◆ Data records ◆

******************************

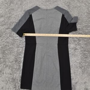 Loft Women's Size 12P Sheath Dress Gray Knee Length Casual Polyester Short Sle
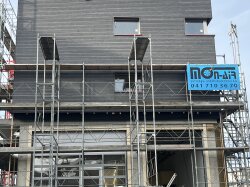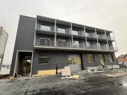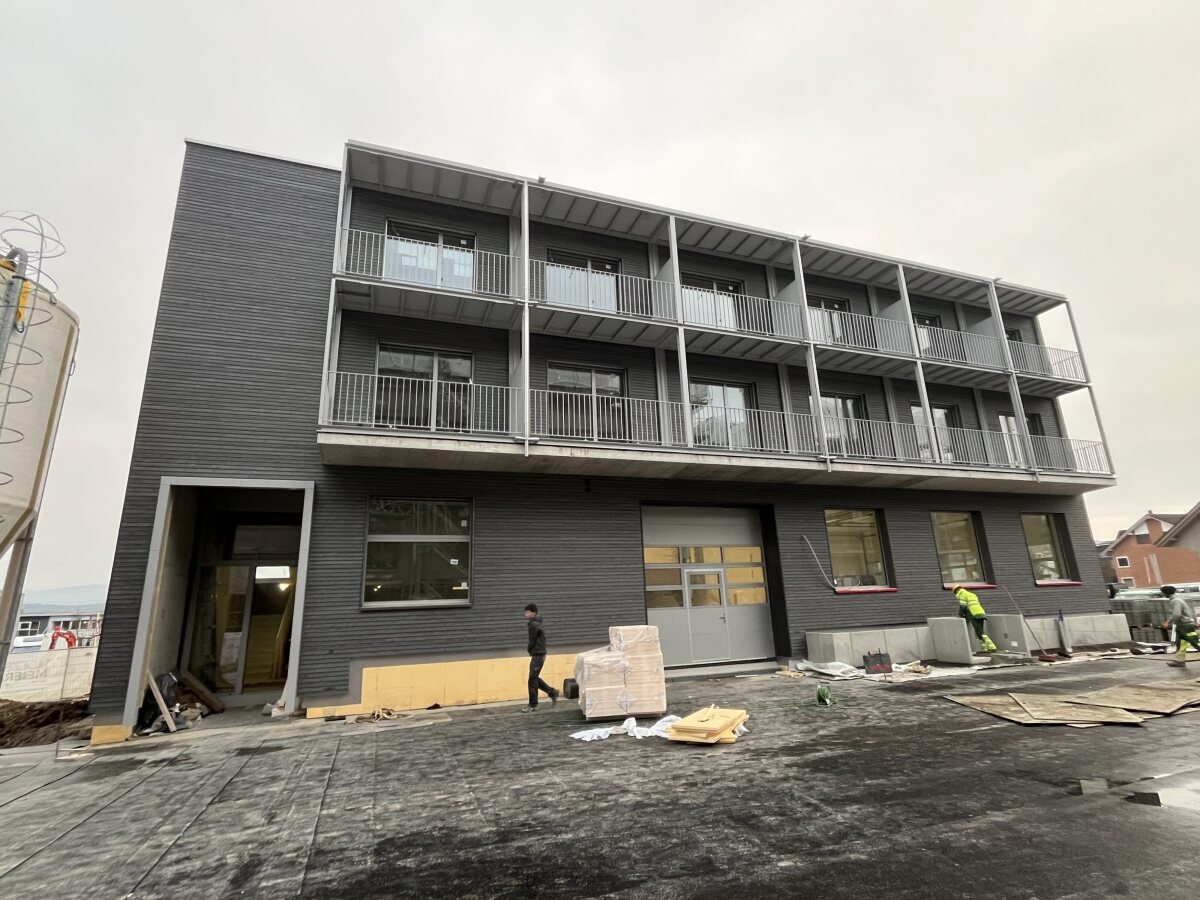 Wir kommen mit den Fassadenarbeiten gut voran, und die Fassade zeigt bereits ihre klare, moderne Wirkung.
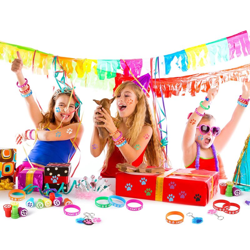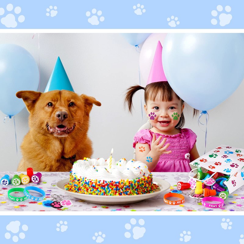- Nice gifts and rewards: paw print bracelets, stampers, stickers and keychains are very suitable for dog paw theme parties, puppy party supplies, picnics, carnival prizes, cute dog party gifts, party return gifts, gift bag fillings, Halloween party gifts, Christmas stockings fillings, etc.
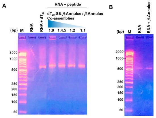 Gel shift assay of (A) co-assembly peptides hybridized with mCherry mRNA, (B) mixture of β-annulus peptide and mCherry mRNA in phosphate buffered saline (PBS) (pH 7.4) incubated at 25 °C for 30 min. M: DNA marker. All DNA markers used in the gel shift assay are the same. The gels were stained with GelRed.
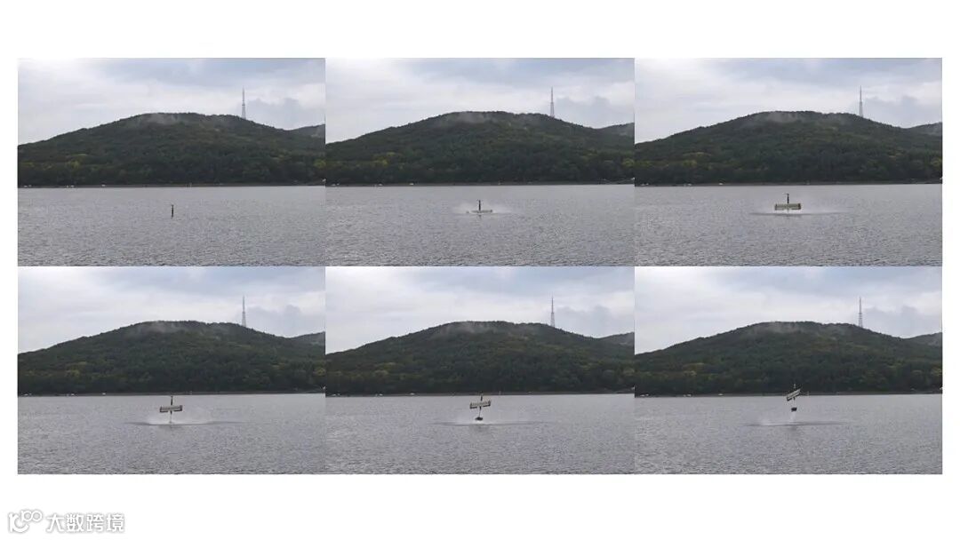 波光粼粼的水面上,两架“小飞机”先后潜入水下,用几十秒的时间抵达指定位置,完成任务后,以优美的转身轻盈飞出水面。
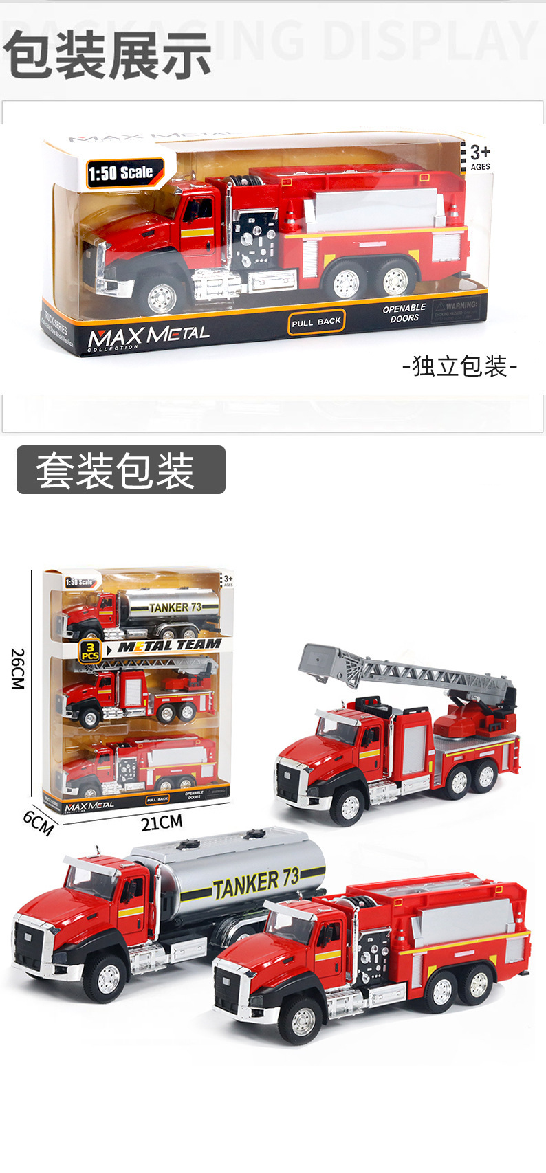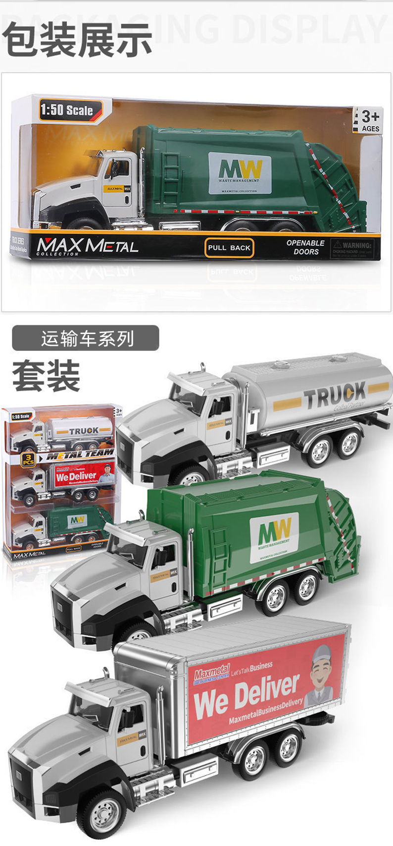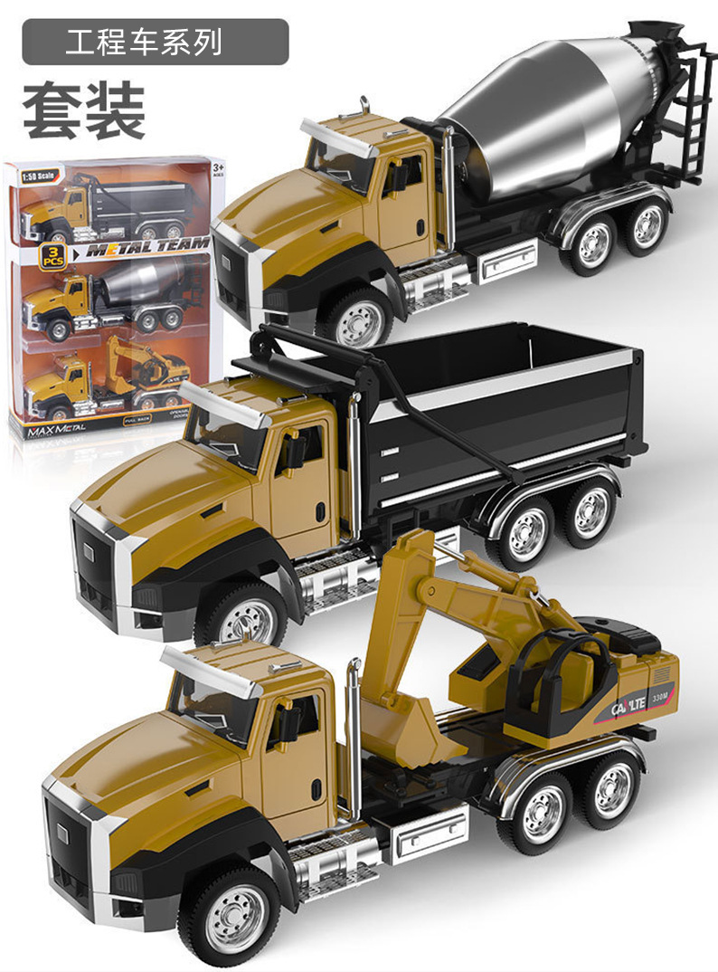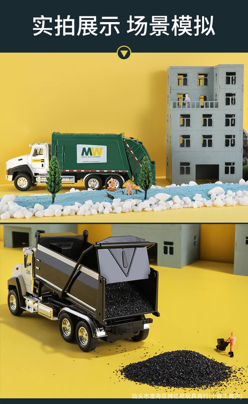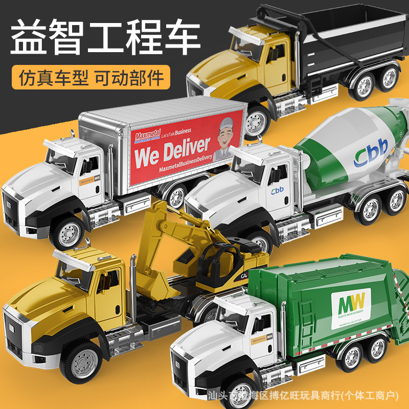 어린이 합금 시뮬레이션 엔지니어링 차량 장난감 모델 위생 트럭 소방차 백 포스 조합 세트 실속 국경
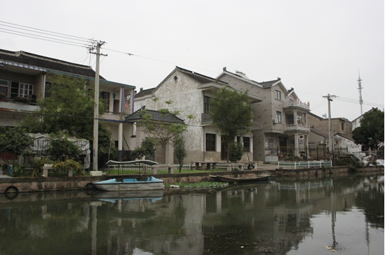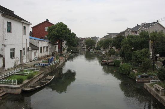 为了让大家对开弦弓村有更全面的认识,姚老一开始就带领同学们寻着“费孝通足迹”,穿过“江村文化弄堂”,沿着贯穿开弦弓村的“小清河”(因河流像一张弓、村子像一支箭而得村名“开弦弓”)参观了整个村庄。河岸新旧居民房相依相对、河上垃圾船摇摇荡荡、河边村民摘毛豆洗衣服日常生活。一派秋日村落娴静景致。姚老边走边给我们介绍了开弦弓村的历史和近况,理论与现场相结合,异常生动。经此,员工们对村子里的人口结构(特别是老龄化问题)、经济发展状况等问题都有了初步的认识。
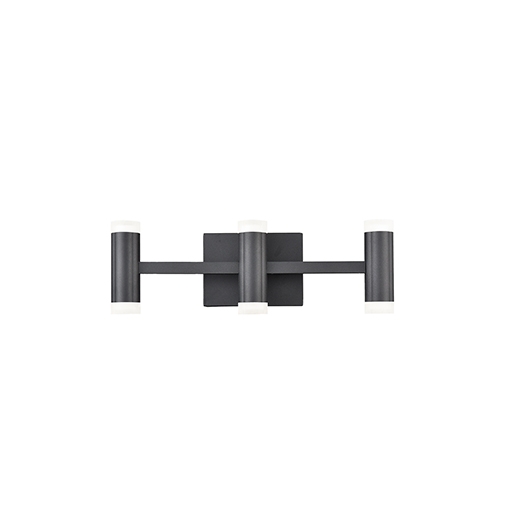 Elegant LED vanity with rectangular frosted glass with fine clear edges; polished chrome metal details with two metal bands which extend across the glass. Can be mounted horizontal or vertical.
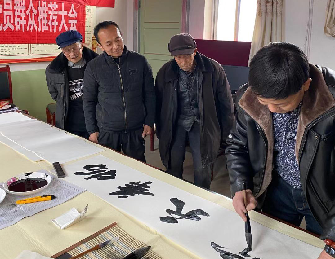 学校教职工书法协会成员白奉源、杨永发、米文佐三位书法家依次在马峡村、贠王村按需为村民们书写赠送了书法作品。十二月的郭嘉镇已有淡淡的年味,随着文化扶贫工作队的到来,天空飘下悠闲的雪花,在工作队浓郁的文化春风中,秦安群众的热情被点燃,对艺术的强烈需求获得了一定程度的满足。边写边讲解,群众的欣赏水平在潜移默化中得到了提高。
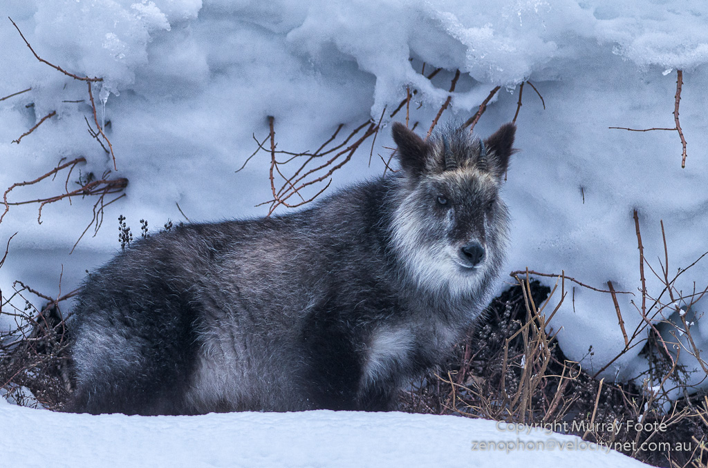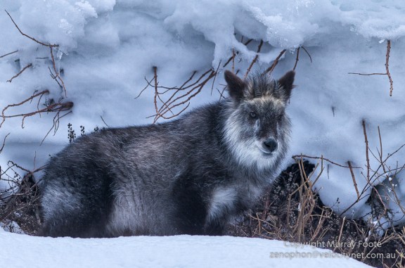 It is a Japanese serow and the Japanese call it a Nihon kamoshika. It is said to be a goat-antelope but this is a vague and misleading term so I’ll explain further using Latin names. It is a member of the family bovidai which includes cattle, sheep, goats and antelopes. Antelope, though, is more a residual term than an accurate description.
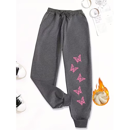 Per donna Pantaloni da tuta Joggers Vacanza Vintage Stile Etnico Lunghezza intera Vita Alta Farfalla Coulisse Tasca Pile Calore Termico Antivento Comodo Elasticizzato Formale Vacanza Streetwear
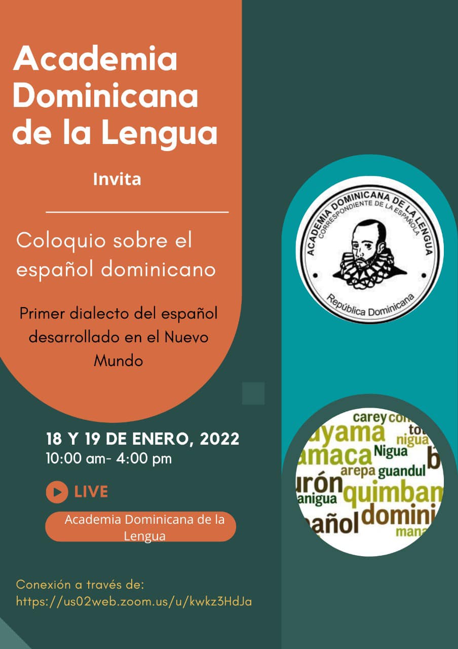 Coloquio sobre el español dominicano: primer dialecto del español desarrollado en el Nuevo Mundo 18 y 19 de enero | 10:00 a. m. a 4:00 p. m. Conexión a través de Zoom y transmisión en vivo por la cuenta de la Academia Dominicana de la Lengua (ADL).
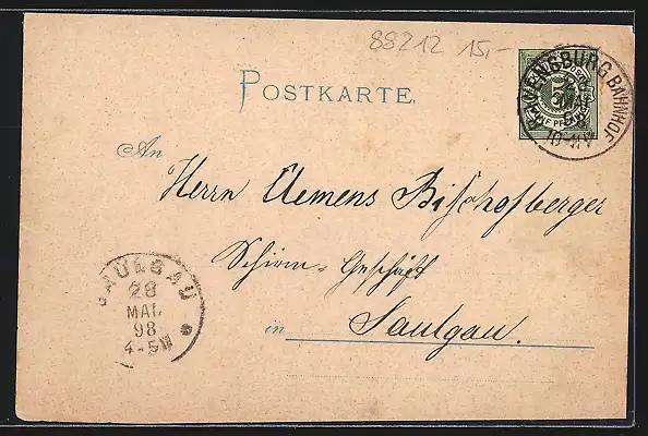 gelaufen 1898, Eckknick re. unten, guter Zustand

******************************

◆ WHAT YOU WILL DO ◆
Please print the entries exactly as they stand. Images are not part of the copy.

◆ OUTPUT ◆
 Loft Women's Size 12P Sheath Dress Gray Knee Length Casual Polyester Short Sle
 Wir kommen mit den Fassadenarbeiten gut voran, und die Fassade zeigt bereits ihre klare, moderne Wirkung.
- Nice gifts and rewards: paw print bracelets, stampers, stickers and keychains are very suitable for dog paw theme parties, puppy party supplies, picnics, carnival prizes, cute dog party gifts, party return gifts, gift bag fillings, Halloween party gifts, Christmas stockings fillings, etc.
 Gel shift assay of (A) co-assembly peptides hybridized with mCherry mRNA, (B) mixture of β-annulus peptide and mCherry mRNA in phosphate buffered saline (PBS) (pH 7.4) incubated at 25 °C for 30 min. M: DNA marker. All DNA markers used in the gel shift assay are the same. The gels were stained with GelRed.
 波光粼粼的水面上,两架“小飞机”先后潜入水下,用几十秒的时间抵达指定位置,完成任务后,以优美的转身轻盈飞出水面。
 어린이 합금 시뮬레이션 엔지니어링 차량 장난감 모델 위생 트럭 소방차 백 포스 조합 세트 실속 국경
 为了让大家对开弦弓村有更全面的认识,姚老一开始就带领同学们寻着“费孝通足迹”,穿过“江村文化弄堂”,沿着贯穿开弦弓村的“小清河”(因河流像一张弓、村子像一支箭而得村名“开弦弓”)参观了整个村庄。河岸新旧居民房相依相对、河上垃圾船摇摇荡荡、河边村民摘毛豆洗衣服日常生活。一派秋日村落娴静景致。姚老边走边给我们介绍了开弦弓村的历史和近况,理论与现场相结合,异常生动。经此,员工们对村子里的人口结构(特别是老龄化问题)、经济发展状况等问题都有了初步的认识。
 Elegant LED vanity with rectangular frosted glass with fine clear edges; polished chrome metal details with two metal bands which extend across the glass. Can be mounted horizontal or vertical.
 学校教职工书法协会成员白奉源、杨永发、米文佐三位书法家依次在马峡村、贠王村按需为村民们书写赠送了书法作品。十二月的郭嘉镇已有淡淡的年味,随着文化扶贫工作队的到来,天空飘下悠闲的雪花,在工作队浓郁的文化春风中,秦安群众的热情被点燃,对艺术的强烈需求获得了一定程度的满足。边写边讲解,群众的欣赏水平在潜移默化中得到了提高。
 It is a Japanese serow and the Japanese call it a Nihon kamoshika. It is said to be a goat-antelope but this is a vague and misleading term so I’ll explain further using Latin names. It is a member of the family bovidai which includes cattle, sheep, goats and antelopes. Antelope, though, is more a residual term than an accurate description.
 Per donna Pantaloni da tuta Joggers Vacanza Vintage Stile Etnico Lunghezza intera Vita Alta Farfalla Coulisse Tasca Pile Calore Termico Antivento Comodo Elasticizzato Formale Vacanza Streetwear
 Coloquio sobre el español dominicano: primer dialecto del español desarrollado en el Nuevo Mundo 18 y 19 de enero | 10:00 a. m. a 4:00 p. m. Conexión a través de Zoom y transmisión en vivo por la cuenta de la Academia Dominicana de la Lengua (ADL).
 gelaufen 1898, Eckknick re. unten, guter Zustand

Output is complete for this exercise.